These alignments were then manually checked, and duplicate consensus sequences were removed. Sequences with a Hamming Dissimilarity distance (calculated within Unipro UGENE, Windows version 40 (Okonechnikov et al., 2012)) greater than 10 were classed as different sequences. Sequence reads were then aligned against the consensus sequences, and information such as coverage, alignment quality and the proportion of reads which aligned to a consensus were recorded, using Minimap2 and Samtools. The CPU version of Medaka (version 1.2.3) (Oxford Nanopore Technologies, NA-b) was then used to polish the consensus sequences. Consensus sequences were defined as being unique if they had a sequence dissimilarity of ≥ 5%, due to the possibility of errors from nanopore sequencing. Manual identification and removal of chimeric sequences present as a result of a sequencing artifact was then carried out. The G3 HEV and norovirus GII processing pipelines were very similar, differing only by the amplicon length, primer sequences and database of reference sequences. The code for these pipeline processes can be seen in Online Resources 2 and 3 (DOIs: https://doi.org/10.6084/m9.figshare.21900885; https://doi.org/10.6084/m9.figshare.21900900). The alignment files used can be seen in Online Resources 4 and 5 (DOIs: https://doi.org/10.6084/m9.figshare.21900903; https://doi.org/10.6084/m9.figshare.21900912). A minimum of 1000 mapped reads were required to confirm the sequence was not present as an artifact due to barcode hopping or cross-contamination. All negative controls had less than 100 reads.

Phylogenetic Analysis

For the norovirus GII phylogenetic analysis, excluding primer-derived sequences, sequence fragments of 302 bp were generated using the selected primers, however 20 bp of RNA-dependent RNA polymerase gene sequence was trimmed from the start of each sequence to enable comparison to capsid sequences from NCBI. This was done to prevent distortion of the phylogenetic analysis due to the presence of polymerase/capsid recombinants in the database. Reference sequences used for the phylogenetic analysis of the nucleotide sequencing data were retrieved from NCBI; 514 sequences for HEV genotypes 1–8, and 96 sequences for norovirus GII were downloaded and merged into two separate FASTA files, using BioEdit (Hall 1999). The downloaded HEV sequences included sequences from humans, swine, deer, macaques and mongooses. The polished G3 HEV and norovirus GII consensus sequences obtained in the present study were then added to the appropriate FASTA files before alignment using Clustal Omega. The sequences were trimmed to be the same length as the sequenced amplicons (excluding primer-derived sequence and 20 bp of RNA-dependent RNA polymerase gene in the case of norovirus GII) and alignments were curated by eye. IQTREE was used to determine the most suitable evolutionary model for phylogenetic analysis, based on Bayesian Information Criteria scores (Nguyen et al., 2015). The substitution model selected was TIM2 with gamma distribution (TIM2+G) for norovirus GII and G3 HEV. Phylogenetic trees were visualised in iTOL (Letunic & Bork, 2016).

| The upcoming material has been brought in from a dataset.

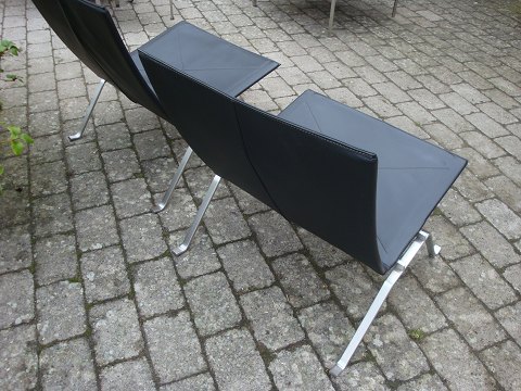 Solgt1 Poul Kjærholm hvilestole pk22 i sort læder. Lavet hos Fritz Hansen.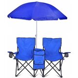 Upgrade your outdoor adventures with this Portable Double Folding Chair Set. Designed for comfort and convenience, it features two connected chairs, a built-in insulated cooler, mesh cup holders, and a removable umbrella to keep you shaded. Whether you're tailgating, camping, or enjoying a day at the beach, this all-in-one seating solution ensures you'll always have a cool drink in hand and relief from the sun. The durable frame folds down easily and fits into the included carry bag for grab-and-go portability. Perfect for taking to the stadium for tailgating, the beach, camping, kids' soccer games, or anywhere else where you want to relax. Each Double Folding Chair folds down to a compact size and fits into an included matching carrying case for easy transporting. Weighing in at around 13 pounds, the Double Folding Chair features a center armrest that doubles as a cooler for storing your ice-cold beverages. Also includes a detachable umbrella to keep you shaded on those hot summer days. Measures 60 in x 33.5 in x 21 in. Umbrella measures 54 inches in diameter. Built on a tubular steel frame and made of 600D coated nylon.

HEV sequences were typed using the RIVM Hepatitis E Virus Genotyping Tool (https://www.rivm.nl/mpf/typingtool/hev/) and norovirus GII sequences were typed using the RIVM Norovirus Genotyping Tool (Kroneman et al., 2011). HEV sequences obtained from this study were uploaded to GenBank with accession numbers OQ918704 to OQ918713. Norovirus sequences were uploaded with accession numbers OQ913488 to OQ913500.

Results

Hepatitis E Virus

Semi-nested PCR products with the expected size were obtained in 33 out of the 42 HEV positive samples by RT-qPCR selected for sequencing analysis. However, sequencing data were obtained from only 10 influent samples, with at least one HEV sequence per sample. No wastewater effluent samples yielded any HEV sequencing data. Online Resource 6 (DOI: https://doi.org/10.6084/m9.figshare.21900924) shows a box and whisker plot of the distribution of CT values for samples which failed or succeeded to provide HEV sequences.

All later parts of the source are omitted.